Give back every line of the material exactly. Skip the pictures.

### Supplied data
───
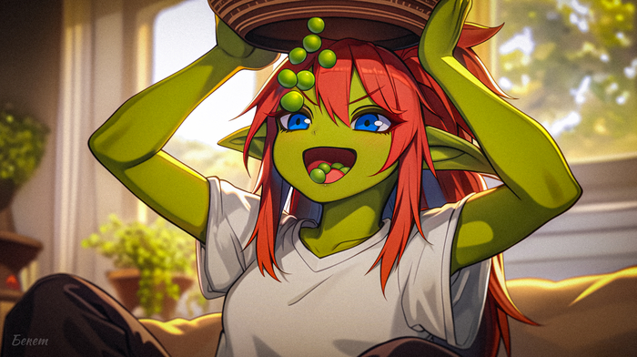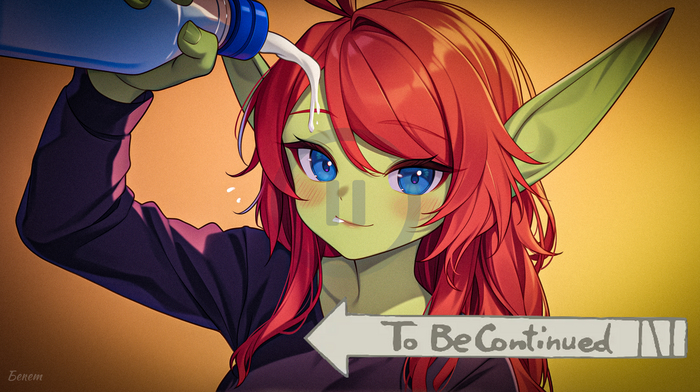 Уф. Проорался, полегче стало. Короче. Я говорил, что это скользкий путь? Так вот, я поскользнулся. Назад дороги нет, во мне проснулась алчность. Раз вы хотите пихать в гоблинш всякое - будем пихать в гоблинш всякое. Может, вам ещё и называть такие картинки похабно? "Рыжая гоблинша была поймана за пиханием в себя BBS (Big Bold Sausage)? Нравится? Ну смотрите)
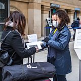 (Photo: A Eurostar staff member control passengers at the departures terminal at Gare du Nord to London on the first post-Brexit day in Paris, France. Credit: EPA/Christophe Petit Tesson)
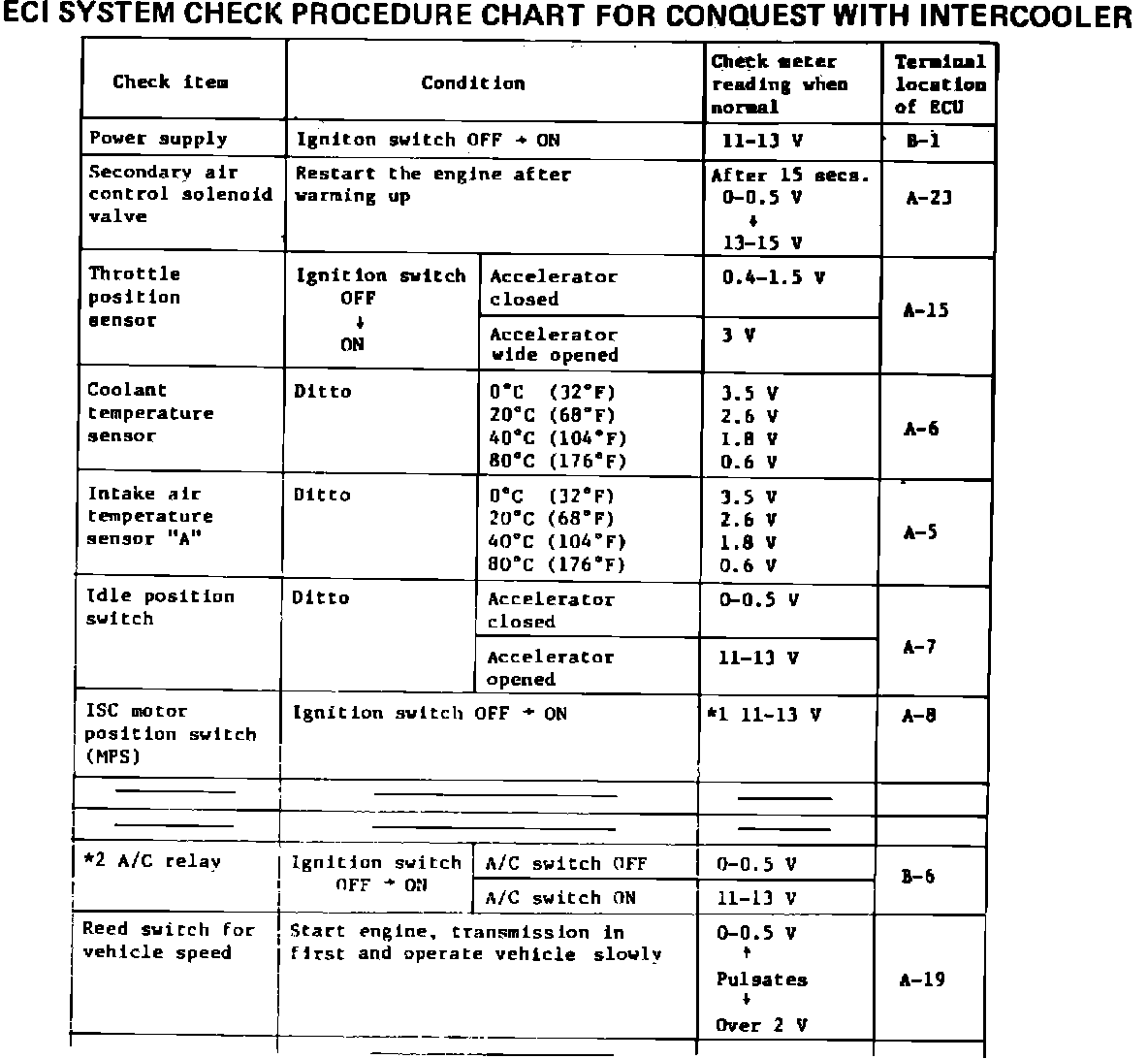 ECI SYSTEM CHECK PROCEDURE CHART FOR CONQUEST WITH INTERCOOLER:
───
### Problem solution
 Уф. Проорался, полегче стало. Короче. Я говорил, что это скользкий путь? Так вот, я поскользнулся. Назад дороги нет, во мне проснулась алчность. Раз вы хотите пихать в гоблинш всякое - будем пихать в гоблинш всякое. Может, вам ещё и называть такие картинки похабно? "Рыжая гоблинша была поймана за пиханием в себя BBS (Big Bold Sausage)? Нравится? Ну смотрите)
 (Photo: A Eurostar staff member control passengers at the departures terminal at Gare du Nord to London on the first post-Brexit day in Paris, France. Credit: EPA/Christophe Petit Tesson)
 ECI SYSTEM CHECK PROCEDURE CHART FOR CONQUEST WITH INTERCOOLER:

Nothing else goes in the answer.